TASK STATEMENT => With the pictures omitted, transcribe each line below exactly as it is.

THE DATA =>
*** Block opens ***
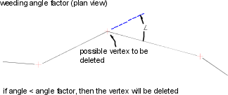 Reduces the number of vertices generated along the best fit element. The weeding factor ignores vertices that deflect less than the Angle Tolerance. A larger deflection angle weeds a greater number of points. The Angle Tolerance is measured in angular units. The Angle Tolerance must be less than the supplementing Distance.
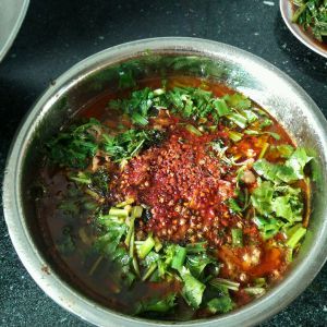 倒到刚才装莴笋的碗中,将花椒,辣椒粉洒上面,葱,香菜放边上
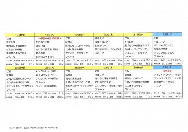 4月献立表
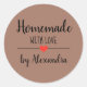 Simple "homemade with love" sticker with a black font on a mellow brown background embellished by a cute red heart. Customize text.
*** Block closes ***
ANSWER AREA =>
 Reduces the number of vertices generated along the best fit element. The weeding factor ignores vertices that deflect less than the Angle Tolerance. A larger deflection angle weeds a greater number of points. The Angle Tolerance is measured in angular units. The Angle Tolerance must be less than the supplementing Distance.
 倒到刚才装莴笋的碗中,将花椒,辣椒粉洒上面,葱,香菜放边上
 4月献立表
 Simple "homemade with love" sticker with a black font on a mellow brown background embellished by a cute red heart. Customize text.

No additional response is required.